GIVEN DATA |

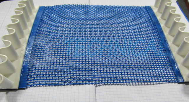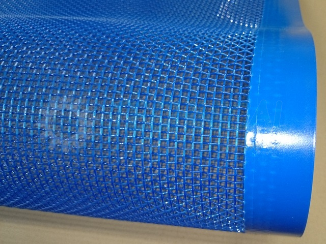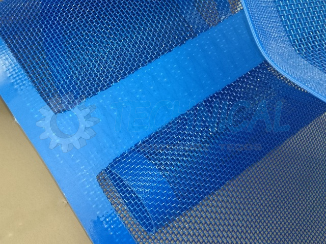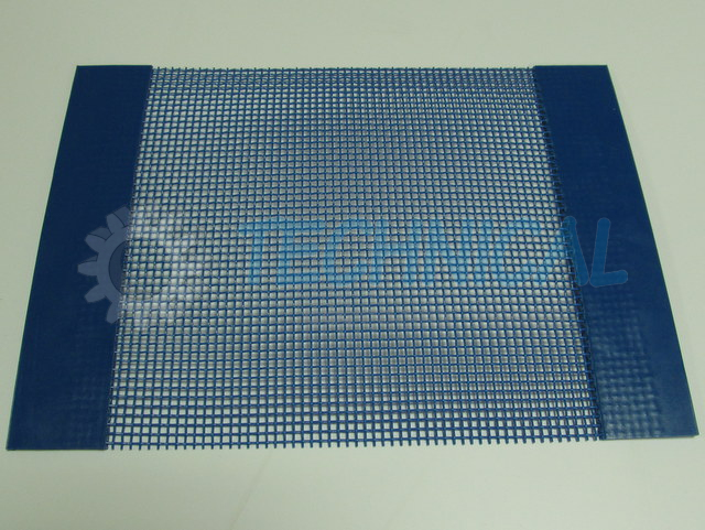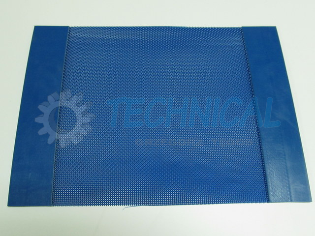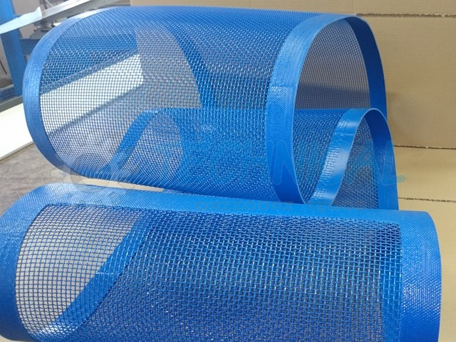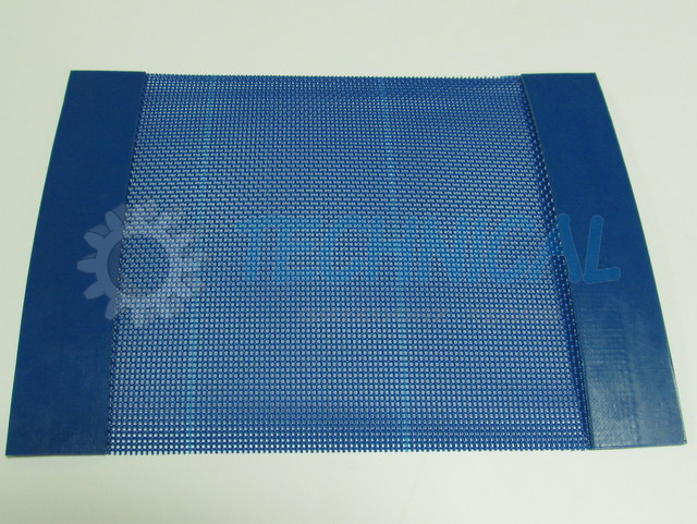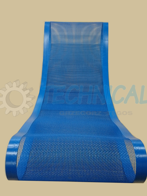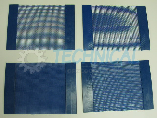 Wzmocnienia pas siatkowy poliestrowa osnowa boczna z pcv-pokrycie osnowy dolne strukturyzowane-wzmocnienia boczne: PCV od 30 do 70mm szerokości.-wzmocnienie końcowe: PCV 40 albo 60 mm szerokości i w zależności od połączenia.-taśmy przenośnikowe taśmowe siatkowe połączone mogą być spinkami ze stali nierdzewnej lub plastikowym łączem, albo prostym połączeniem palcowym - zgrzewanym.
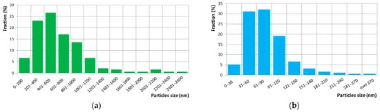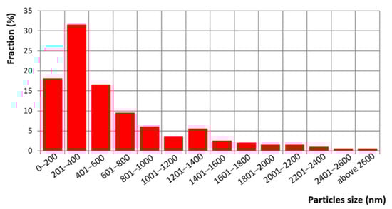 Analysis using carbon extraction replicas confirmed strong precipitation of particles with different morphologies and sizes (Figure 8). Two types of regions were observed, differing mainly in particle character. These were areas with particles of a regular geometric shape with a high density of precipitates and areas where large particles of irregular shape were precipitated. Due to the size of the particles, there was low extraction into the replicas. In most cases, the presence of particles can be predicted from the indentation left in the replica. Based on statistical analysis, it can be concluded that the particle size range was very wide, ranging from 15 to 4000 nm (Figure 9, Table 3). The histogram of the particle distribution shows a wide interval. One maximum is between 200 and 400 nm and the other between 1200 and 1400 nm.
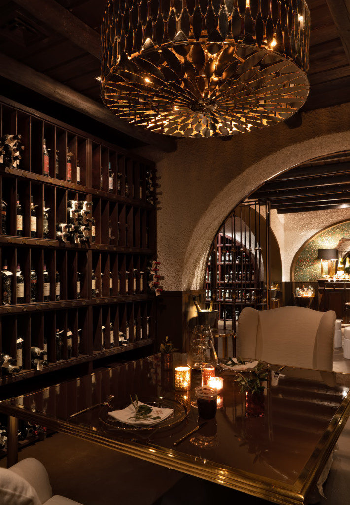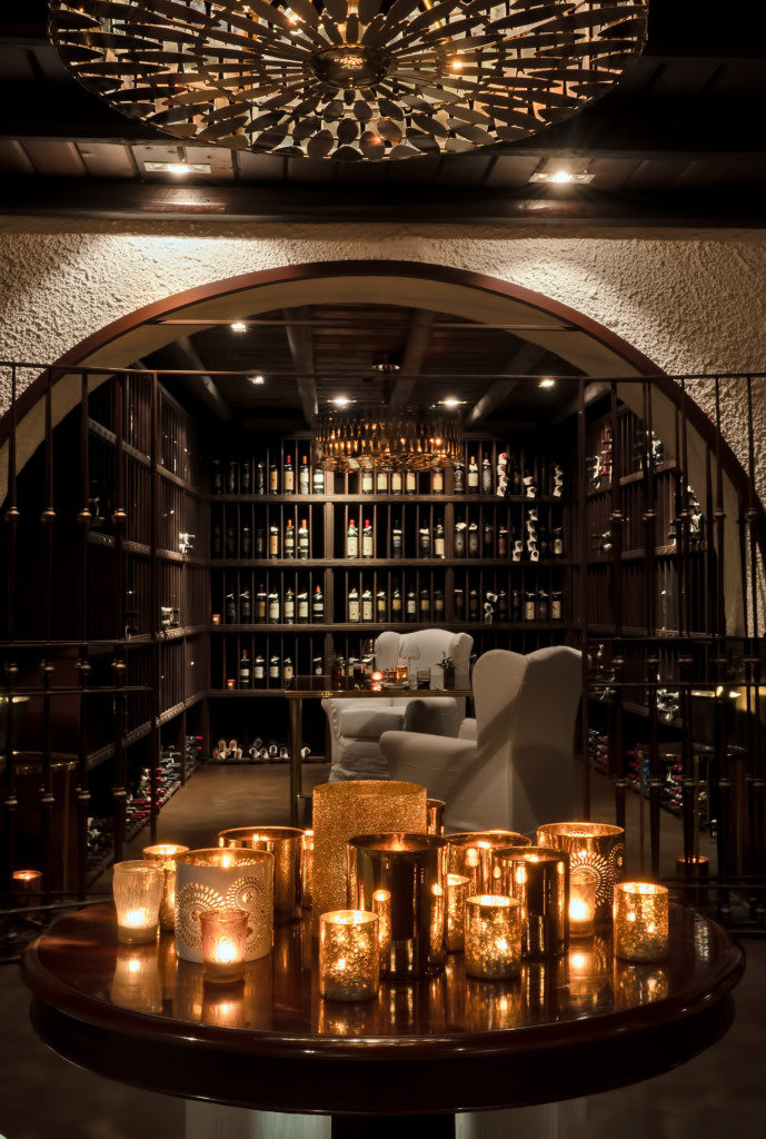Lo spazio concepito ed eseguito dall’architetto Francesco della Femina, con il contributo creativo di Sugokuoii Events, è stato trasformato da antica taverna in una ‘bodega’ molto glam, arredata con un mix di mobili antichi e contemporanei; le luci soffuse e le tantissime candele creano un’atmosfera magica, sofisticata e intrigante. I lampadari sono tagliati a mano nella forma di foglie d’olivo e sono progettati per creare una diffusione dinamica di luci e ombre che si rincorrono e ritraggono tra le preziose bottiglie di vino. I tavoli realizzati su disegno e le poltrone Berger, rivestite in lino bianco, offrono un comfort elegante e opulento.
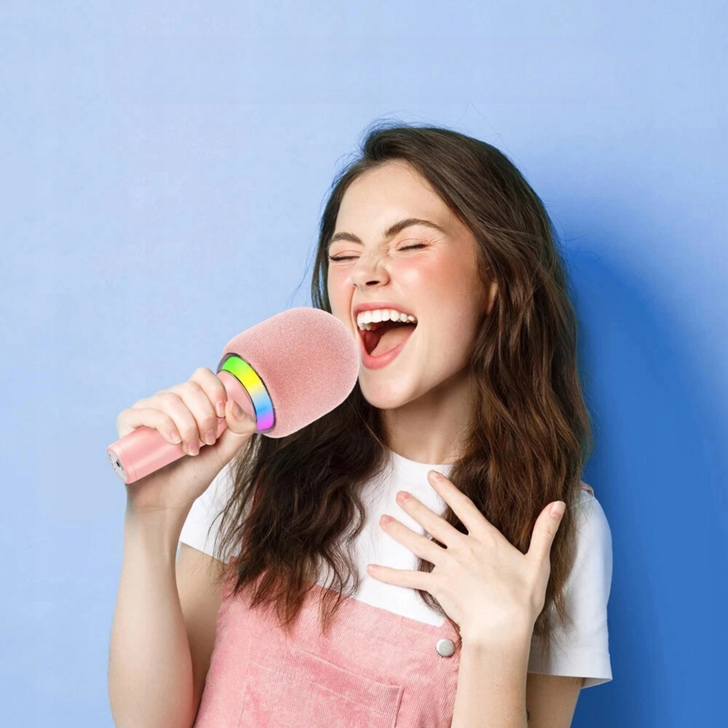 Караоке -микрофон со светодиодами, беспроводной динамик Bluetooth, розовый h2>

TASK | Reproduce word for word the lines from the line holding "Lo spazio concepito" through the last line of the material above, inclusive, and keep pictures out of it.

EXPECTED OUTPUT |
Lo spazio concepito ed eseguito dall’architetto Francesco della Femina, con il contributo creativo di Sugokuoii Events, è stato trasformato da antica taverna in una ‘bodega’ molto glam, arredata con un mix di mobili antichi e contemporanei; le luci soffuse e le tantissime candele creano un’atmosfera magica, sofisticata e intrigante. I lampadari sono tagliati a mano nella forma di foglie d’olivo e sono progettati per creare una diffusione dinamica di luci e ombre che si rincorrono e ritraggono tra le preziose bottiglie di vino. I tavoli realizzati su disegno e le poltrone Berger, rivestite in lino bianco, offrono un comfort elegante e opulento.
 Караоке -микрофон со светодиодами, беспроводной динамик Bluetooth, розовый h2>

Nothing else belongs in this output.